Wow. Just . . . wow.
I received this wall calendar as a "gag" gift a few days ago. Joke's on you, gift-giver! This is a FAB gift!
Let me tell you, folks, the year 2014 is already OVER for me. I flipped through this entire calender, from January through December, in a few minutes. I was so deeply immersed in the sheer magnificence of each month's breathtaking, opulent and, need I say, Extraordinary Chicken, that I feel as if I have nothing else to look forward to this upcoming new year. I yearn for 2015; I yearn for a new Extraordinary Chickens wall calendar. Until then, it's all downhill.

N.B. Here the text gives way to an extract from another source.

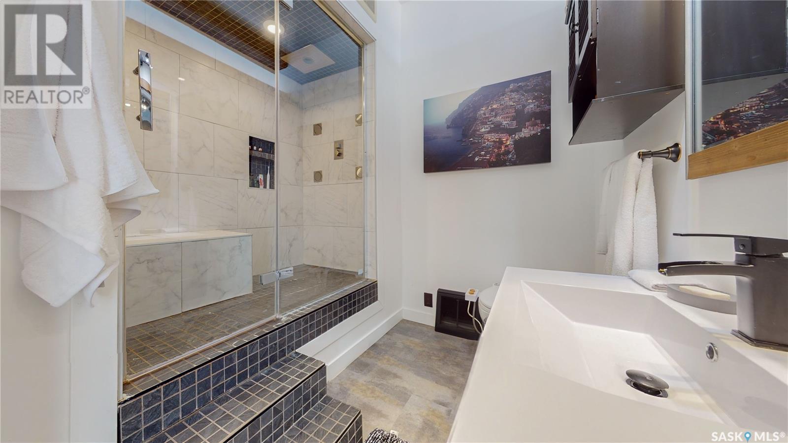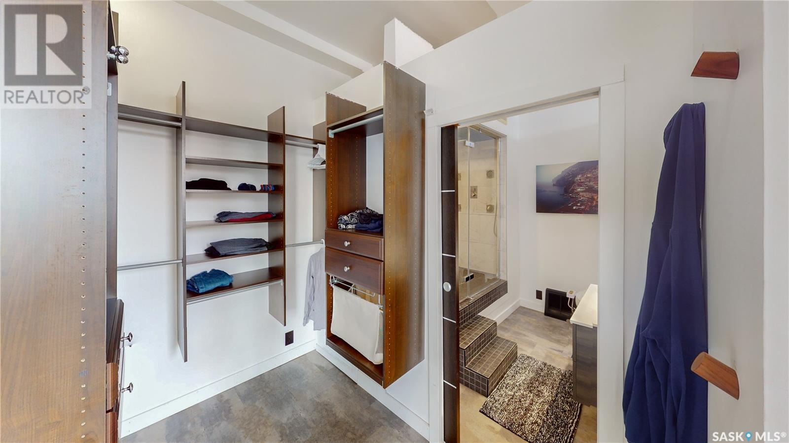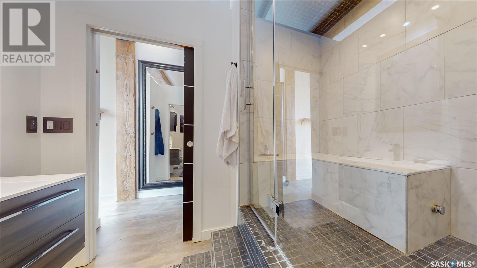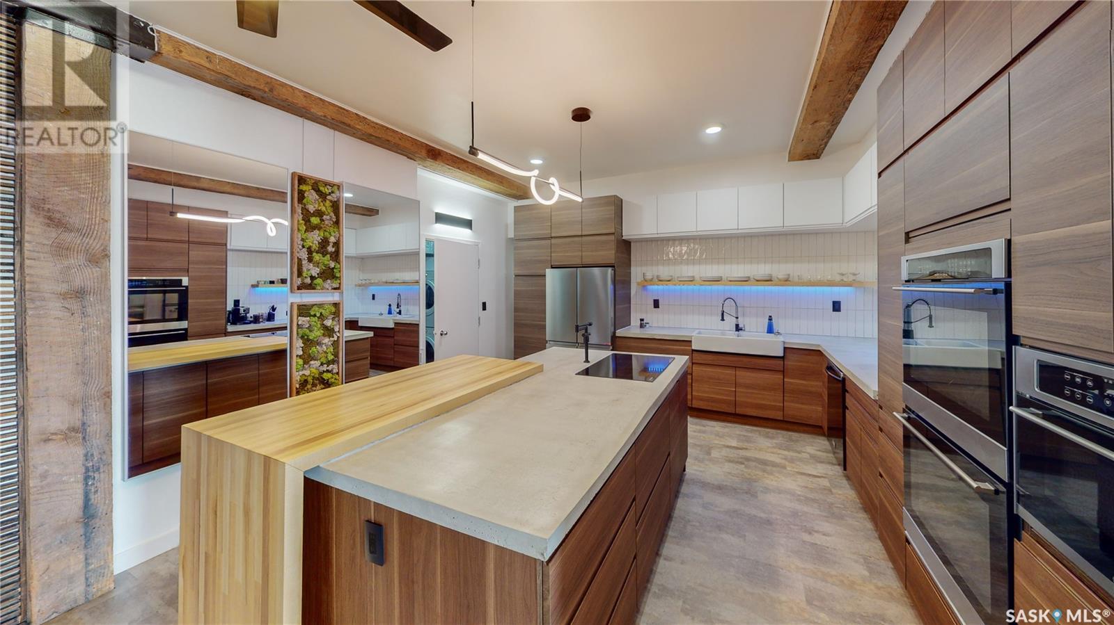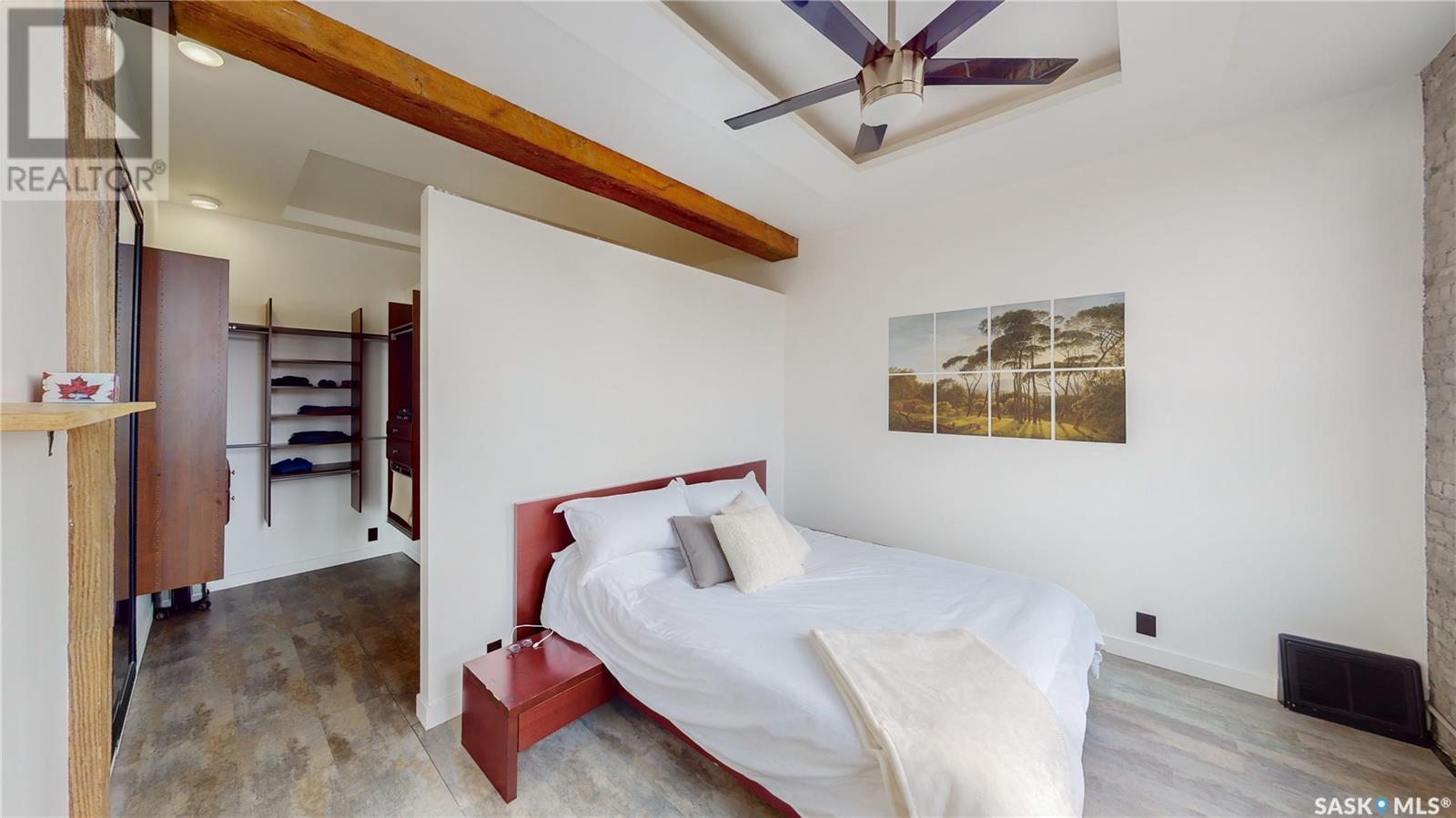 Welcome to unit 400 at 2128 Dewdney Ave in The Ackerman building! This 2 bed 3 bathroom, 1847 square foot fourth floor condo is located in Regina’s lively Warehouse district. You enter the fully furnished suite into the porch where a sitting area offers coat and shoe storage. One of the first things you see is a stunning vertical garden box with fully integrated lighting and watering system. Towards the back of the suite is the first bedroom with vinyl tile flooring, beautiful exposed brick and an auxiliary electrical heater. This bedroom also contains a dedicated entrance from the hallway. The 3 piece ensuite has a tile floor and a large corner jet tub. The main 3 piece bathroom is centrally located within the suite and has a tile shower, updated fixtures and a large vanity. The living room is open and bright with light filling the suite from large south facing windows. The original exposed beams and brick offer authentic warehouse condo feels. The kitchen has an abundance of cabinet storage. It's finished with concrete countertops, a waterfall butcher block, soft close cabinets/drawers, and LED under-lit floating shelves. New appliances include an induction cooktop with pot filler, stainless steel fridge, built in double oven, microwave and dishwasher. The laundry and utility room is neatly behind a door in the kitchen and includes the front load washer and dryer and has an updated gas furnace and water heater. The spacious dining area easily fits a large 8 person dining table. The office at the front of the unit is filled with light as the large windows look out to the cityscape. The primary bedroom is spacious enough for a king size bed and has two additional large south facing windows. The primary also contains a walk-in closet and a 3 piece ensuite with a large steam shower. Flexible possession date is available with option to continue executive rental ($2,350/mo) or renew Jan 1, 2024 (id:22211)

I've seen on several web sites that a common complaint is that this calender -- (You know what? I'm not even going to call it a calender anymore. It's a masterpiece) -- is "not good if you want to write on it for appointments." WAIT . . . WHAT?! Whoever is bringing an ink-filled writing device even close to this masterpiece is an ignoramus that should be put in jail immediately. I have already had each page professionally cut and framed. I have since taken down several photos around my house of my closest friends and relatives and replaced them with these 12 masterpieces.
I have already ordered all of the remaining copies of 2013 version left in circulation and have pre-ordered the 2015, as well.
In short, every page of this masterpiece is BOCK-BOCK-BEAUTIFUL and I give it infinite stars.